I need the lines below from the one with "Takistar コンパクト ヨーグルトメーカー" down to the one with "Gafas de sol cuadradas" reproduced exactly, both ends included, and nothing else.

▶ Record excerpts:
==================================================

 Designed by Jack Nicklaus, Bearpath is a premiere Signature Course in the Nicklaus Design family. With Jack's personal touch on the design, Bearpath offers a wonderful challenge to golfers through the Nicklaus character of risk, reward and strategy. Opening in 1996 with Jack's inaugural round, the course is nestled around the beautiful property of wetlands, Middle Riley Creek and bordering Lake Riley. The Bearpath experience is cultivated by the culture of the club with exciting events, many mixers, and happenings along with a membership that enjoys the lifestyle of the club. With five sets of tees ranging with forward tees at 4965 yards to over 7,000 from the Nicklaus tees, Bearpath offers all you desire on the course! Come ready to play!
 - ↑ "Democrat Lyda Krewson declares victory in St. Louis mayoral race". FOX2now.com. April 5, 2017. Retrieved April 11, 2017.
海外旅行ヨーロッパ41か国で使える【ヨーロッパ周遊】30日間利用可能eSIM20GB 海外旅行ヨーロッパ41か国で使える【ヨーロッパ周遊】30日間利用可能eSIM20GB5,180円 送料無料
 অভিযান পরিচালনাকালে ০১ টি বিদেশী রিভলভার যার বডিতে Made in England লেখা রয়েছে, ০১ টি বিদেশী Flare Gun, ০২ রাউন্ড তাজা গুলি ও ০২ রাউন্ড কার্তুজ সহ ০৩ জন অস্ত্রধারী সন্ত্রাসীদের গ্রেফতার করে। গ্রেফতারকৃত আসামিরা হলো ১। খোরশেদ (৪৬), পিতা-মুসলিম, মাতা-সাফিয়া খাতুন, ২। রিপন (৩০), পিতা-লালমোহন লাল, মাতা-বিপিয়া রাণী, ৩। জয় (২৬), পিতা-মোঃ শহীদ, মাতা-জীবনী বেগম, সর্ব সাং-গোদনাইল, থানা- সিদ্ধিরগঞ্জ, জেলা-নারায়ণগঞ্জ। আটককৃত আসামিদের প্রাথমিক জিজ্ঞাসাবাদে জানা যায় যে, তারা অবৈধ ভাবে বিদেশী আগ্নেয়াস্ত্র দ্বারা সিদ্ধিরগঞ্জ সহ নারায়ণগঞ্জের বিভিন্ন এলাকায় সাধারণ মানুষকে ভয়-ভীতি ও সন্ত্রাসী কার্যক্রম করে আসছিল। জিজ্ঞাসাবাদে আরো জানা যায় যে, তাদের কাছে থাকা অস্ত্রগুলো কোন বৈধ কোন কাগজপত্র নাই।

==================================================

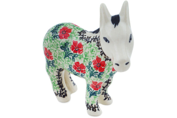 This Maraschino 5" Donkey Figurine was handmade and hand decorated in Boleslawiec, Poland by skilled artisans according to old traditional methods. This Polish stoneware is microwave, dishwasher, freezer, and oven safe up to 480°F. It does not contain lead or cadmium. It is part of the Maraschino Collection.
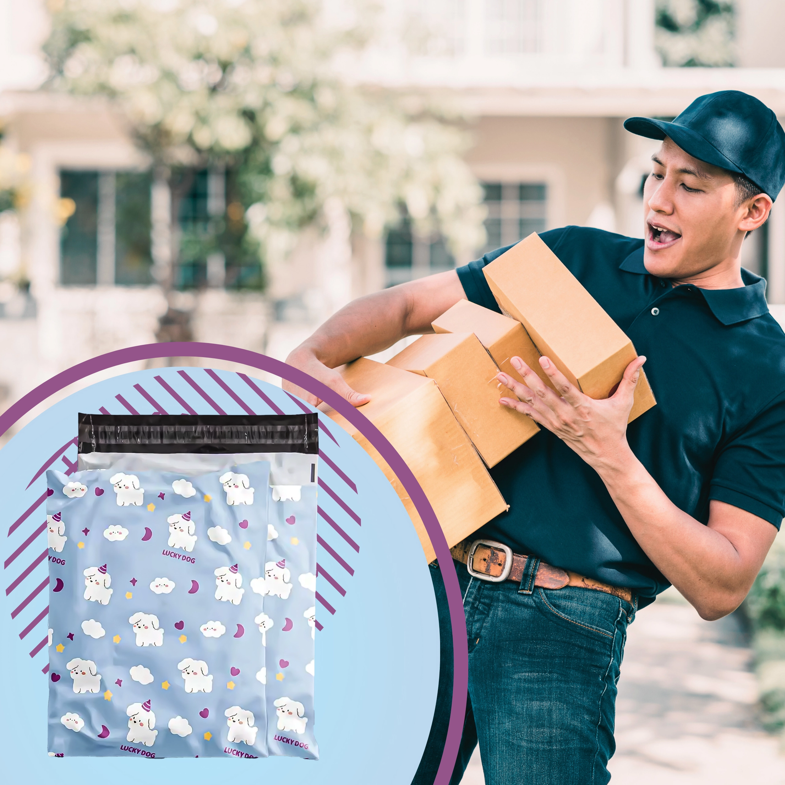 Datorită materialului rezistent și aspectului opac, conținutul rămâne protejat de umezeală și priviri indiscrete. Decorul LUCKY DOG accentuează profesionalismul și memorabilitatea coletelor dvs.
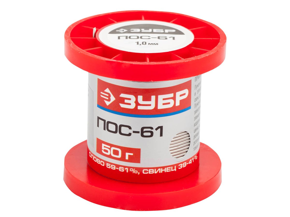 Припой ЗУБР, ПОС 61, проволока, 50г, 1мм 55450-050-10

==================================================

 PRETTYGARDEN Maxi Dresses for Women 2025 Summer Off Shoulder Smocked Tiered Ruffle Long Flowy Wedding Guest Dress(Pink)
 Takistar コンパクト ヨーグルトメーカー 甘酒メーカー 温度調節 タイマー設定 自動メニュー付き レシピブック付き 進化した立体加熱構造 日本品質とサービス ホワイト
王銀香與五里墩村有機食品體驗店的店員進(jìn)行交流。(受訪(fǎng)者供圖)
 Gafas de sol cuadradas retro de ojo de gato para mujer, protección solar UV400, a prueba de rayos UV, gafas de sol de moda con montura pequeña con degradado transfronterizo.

==================================================

▶ Result for this exercise:
 Takistar コンパクト ヨーグルトメーカー 甘酒メーカー 温度調節 タイマー設定 自動メニュー付き レシピブック付き 進化した立体加熱構造 日本品質とサービス ホワイト
王銀香與五里墩村有機食品體驗店的店員進(jìn)行交流。(受訪(fǎng)者供圖)
 Gafas de sol cuadradas retro de ojo de gato para mujer, protección solar UV400, a prueba de rayos UV, gafas de sol de moda con montura pequeña con degradado transfronterizo.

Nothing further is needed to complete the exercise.